А потом новый скандал в Оксфорде и диспут с учёными мужами в доме шталмейстера королевы Елизаветы. В ту февральскую сырую ночь ему не дали даже провожатого с факелом, и, вспоминая обиду, написал он тогда вещие слова: «Коль придётся Ноланцу умирать в католической римской земле, дайте по крайней мере провожатого с одним факелом…»

Он снова возвращается во Францию и снова с непоколебимым упорством, забыв о всех печальных уроках своей жизни, добивается нового диспута, и снова кричат ему, что он суетный бахвал, оболгавший Аристотеля, и снова разъярённая толпа беснуется вокруг него. Уезжает в Германию – и всё то же. Спираль гонений все быстрее вращает его. Вот он учитель Джованни Мочениго, знатного венецианца, потом несколько месяцев в Падуе, кафедру в университете не дают (через год её получил молоденький тосканец Галилео Галилей), опять Венеция, последний поворот и точка – вязанки сухого хвороста на площади Цветов.

Мочениго донёс на Ноланца из чистой подлости: считал, что тот знает бесовские секреты достижения славы и богатства, но скрывает их от него. Обвинения скудны и настолько малодоказательны, что самым вероятным приговором была ссылка в глухой монастырь. Но снова, теперь уже в последний раз, не сдержал себя Бруно.

Споры о вере и боге продолжаются в тюрьме. «Предатель правит этим миром!» – кричит Ноланец, воздев кукиш к низким сводам камеры. А предатели не правили миром, предатели сидели рядом, слушали, иногда поддакивали. Новый донос на Бруно написали соседи по камере: монах-капуцин Челестино и учитель Грациано. Костёр монаху заменили ссылкой, но кошмары совести извели его, и страшное в своих признаниях письмо венецианскому инквизитору отправило Челестино на костёр при жизни Бруно.

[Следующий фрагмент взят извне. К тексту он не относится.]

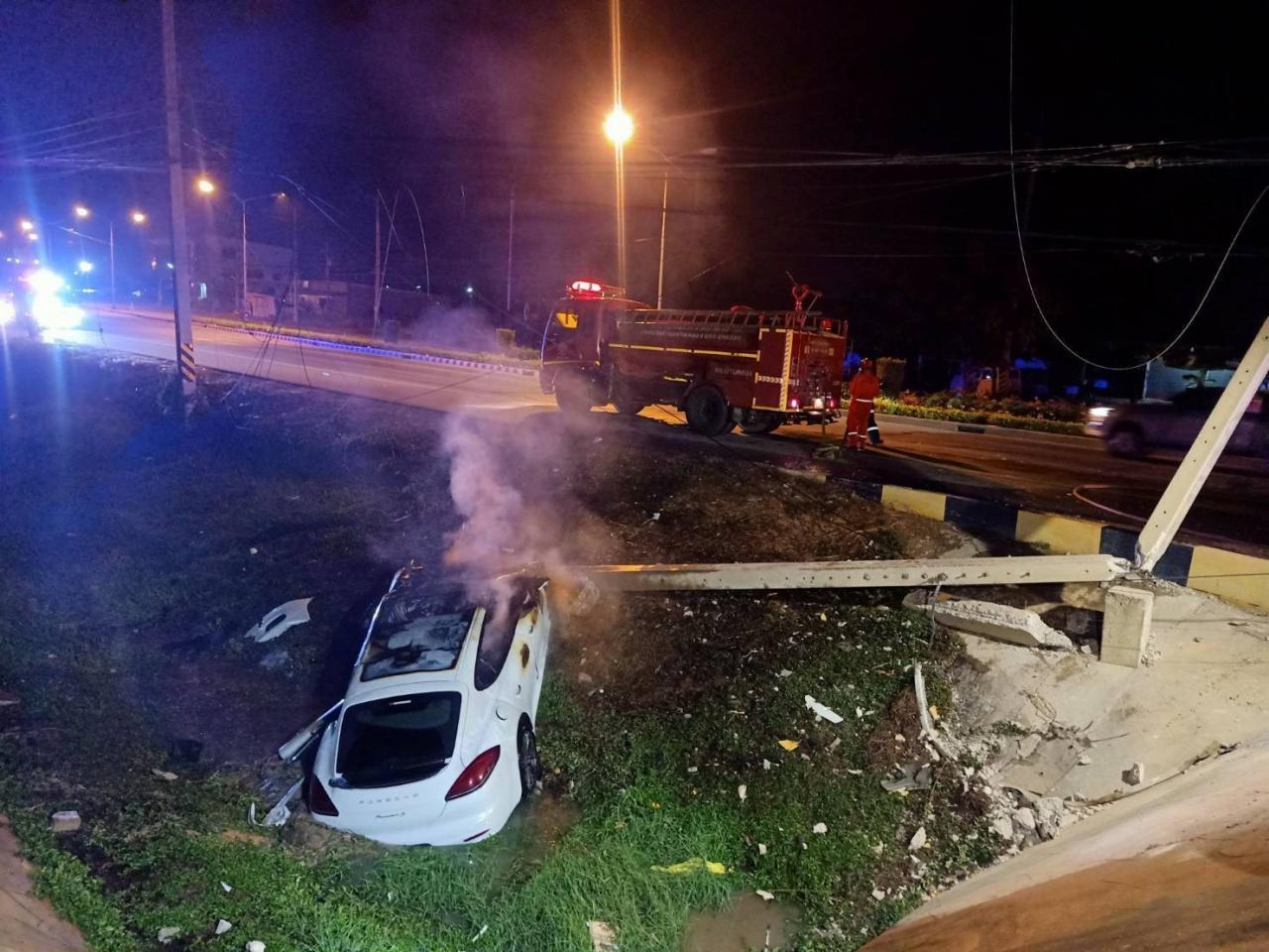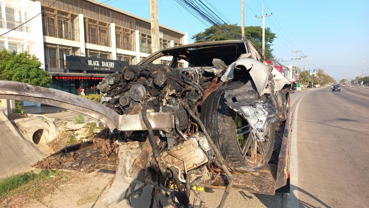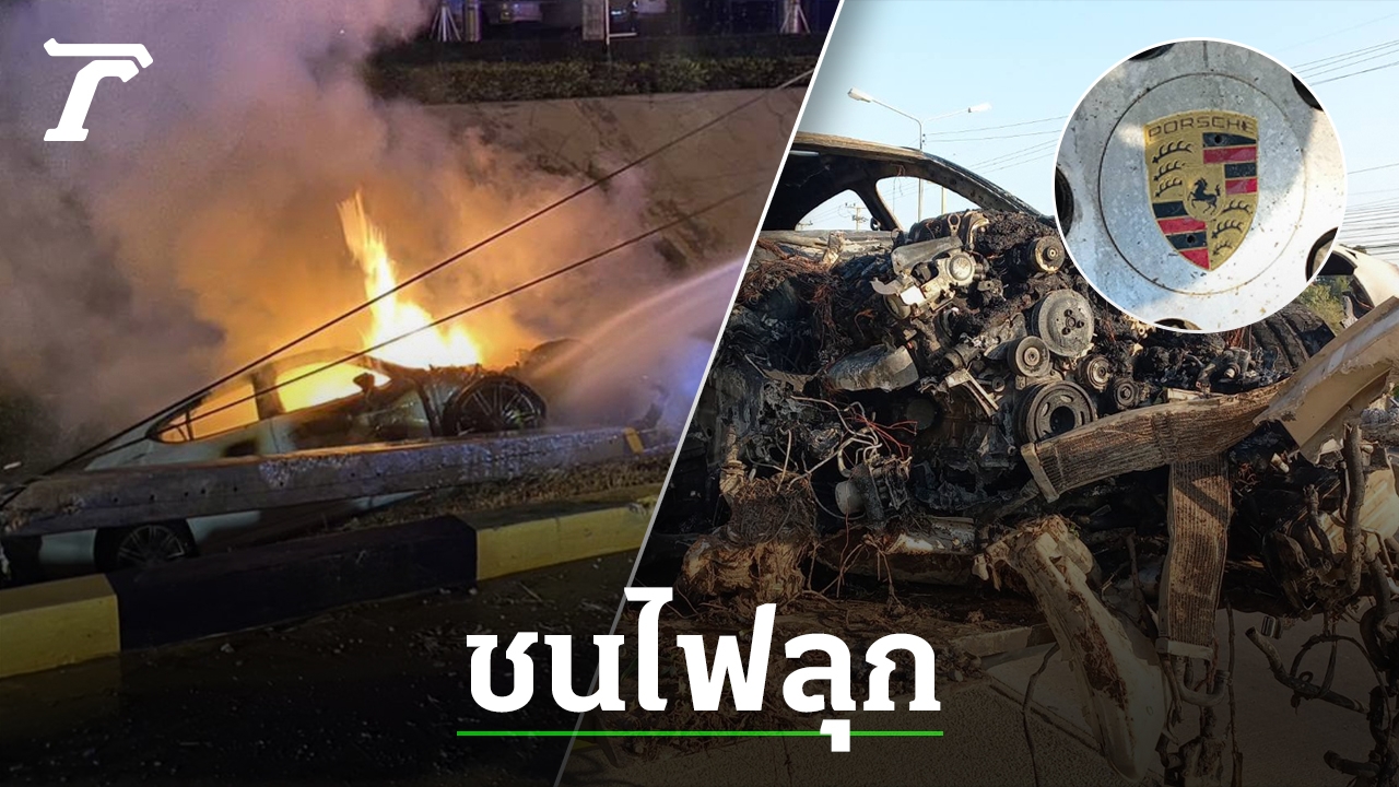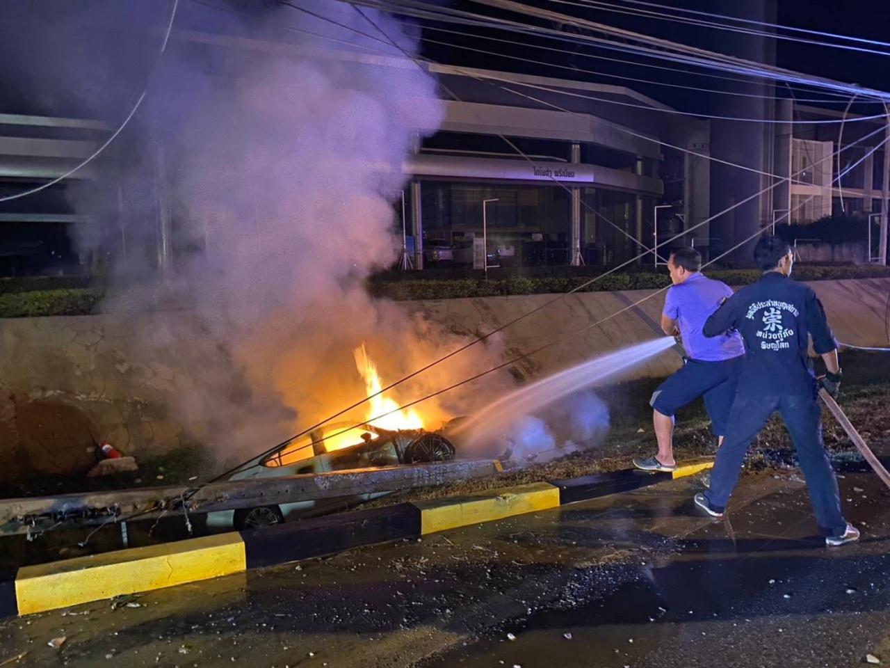 พิษณุโลก-อุบัติเหตุรถหรูปอร์เช่ แหกโค้ง พุ่งชนเสาไฟฟ้าหัก ไฟลุกไหม้เสียหายทั้งคัน ตำรวจอยู่ระหว่างติดตามหาตัวเจ้าของรถ เพื่อดำเนินการตามขั้นตอนของกฎหมาย เนื่องจากมีทรัพย์สินทางราชการเสียหาย

Восемь лет сидел в тюрьме Ноланец: святые отцы все мечтали склонить его к отречению. Он признался во многом: да, его прегрешения против веры велики и в книгах есть пороки, да, не ходил в церковь и очень любил женщин – всё это так. Но его взгляды, его учение – нет, здесь он прав. Ему дали сорок дней на размышления, подсылали в камеру богословов, ничего не помогало. Когда во дворце кардинала Мадруцци ему зачитали приговор, он сказал: «Вы с большим страхом объявляете мне приговор, чем я выслушиваю его!»

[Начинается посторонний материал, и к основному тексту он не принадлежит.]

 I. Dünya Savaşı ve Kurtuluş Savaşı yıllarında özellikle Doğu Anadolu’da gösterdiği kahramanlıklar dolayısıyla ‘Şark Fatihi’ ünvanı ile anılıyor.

Казнь вершилась на рассвете, и было много факелов, которых ему так не хватало в ту мокрую ночь на Темзе. Язык зажали в специальные тисочки, чтобы не выкрикнул лишнего. Последнее, что видела толпа, прежде чем заволокло его дымом, как дёрнул головой Джордано и отвернулся, когда протянули на длинном шесте распятие к его губам.

 

Альфред Брем:

«ВСЕ УВИДЕТЬ, ВСЕМ ОВЛАДЕТЬ, ЧТОБЫ ЩЕДРО ОТДАТЬ ЛЮДЯМ»

 

Христиан Людвиг Брем числился пастором в деревне Унтеррентен-дорф в Саксонии, а на самом деле был европейским известным орнитологом с коллекцией в девять тысяч чучел, и крестьяне с иронией называли его «птичьим пастором». Ружье он купил сыну, когда тому исполнилось восемь лет, и в день своего рождения Альфред подстрелил овсянку – первую свою жертву. Из всей живности Альфред Брем больше благдволил к птицам, хотя это, быть может, и трудно заметить, читая «Жизнь животных».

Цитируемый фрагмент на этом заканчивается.